Но и её голос был неприятен и бередил досаду в сердце. Я умылся, взял кружку разваренного калмыцкого чаю и опять поднялся на свои нары. Чай был очень горячий и противный. Я отставил кружку в сторону и опять залез под одеяло. В голове, как далёкий колокол, гудел дряблый звон. Этот звон кружился передо мною, касаясь моих рук странным, скользким жгутом, который разбухал, вырастал больше меня и испарялся. Потом опять возникал, опять кружился, разбухая, и опять таял.
Толпились передо мною одни головы. Они наплывали на меня, роились, прыгали и смеялись. Наплывал огромной глыбой Матвей Егорыч и мычал: «Людёнок!..» Где-то рядом, невидимый, торопливо бормотал Гаврюшка. И вдруг я падал, замирая, с крутой осыпи бархана под заунывный лепет Кашарки… Стонала умирающая баржа на цепи…
Так я пролежал до самого обеда. А когда услышал плясовую песню на улице, мне стало обидно до слёз.
«И чего поют? чего бесятся? большие, а дурее маленьких…» — горько думал я, и мне было до боли жалко себя.
Толпа говорливо, со смехом ввалилась в казарму и рассыпалась по своим местам. Пронзительно разрезая людскую суматоху, орал Олёнин младенец.
Мать вскочила на нары и испуганно вскрикнула:
— А, батюшки! Да что же это ты? Аль свалился? Беда-то какая! Чего же мне делать-то с тобой?
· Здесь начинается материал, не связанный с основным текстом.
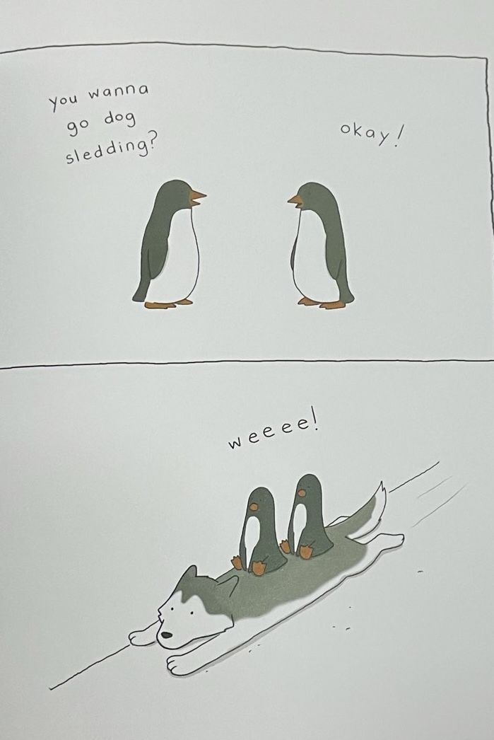 เจ้าเพนกวินทั้งสองคนก็ขึ้นหลังเจ้าหมาและเจ้าหมาพาตัวเอง สไลด์ลงมาท่ามกลางหิมะให้เจ้าเพื่อนได้เล่นสนุกกัน

Добегался, доработался себе на голову…
А я, желая показать, что совсем не болен, а просто чуть-чуть угорел от спёртого воздуха в казарме, отмахнулся от неё и улыбнулся.
— Да чего ты, мамка, заахала? Аль впервой у меня голова-то заболела? От этой нашей духоты и верблюд угорит…
Она приложила ладонь к моему лбу и со страхом в глазах отшатнулась к стене, а потом лихорадочно стала ощупывать меня холодными руками.
— Весь-то в жару… уж не горячка ли у тебя?
— Да ничего нет, — нетерпеливо крикнул я. — Ты сама-то вон вся продрогла. Вот пройдёт голова — на Гришино представление побегу.
Она в тревожном раздумье опять пощупала мой лоб и как будто успокоилась немного.
— Холодно нынче, куда ты побежишь? Без меня не выходи: я тебя потеплее одену, вместе пойдём.
Говор, смех, звяканье посуды, топот, суета, обычные в этот час, казались мне оглушительными.
«Чего они все орут? — мучительно негодовал я. — Зачем так стучат и топают ногами? Мне же больно, тошно от этого, а им и горя мало…»
Как-то незаметно я уснул и проспал, должно быть, долго, потому что в пустой казарме уже горела лампа и дымный полусумрак сгущался в дальних углах, а вокруг закопчённого пузыря мутно синел чад. Кричал ребёнок на нарах Олёны. Тётя Мотя растапливала плиту. Значит, скоро зазвонит колокол. Хотя жар у меня не прошёл, но я чувствовал приятную лёгкость в теле. Проснулся я от какого-то смутного беспокойства, словно кто-то встряхнул меня и прошептал украдкой, едва слышно, без слов, но настойчиво. В ушах шумел далёкий прибой.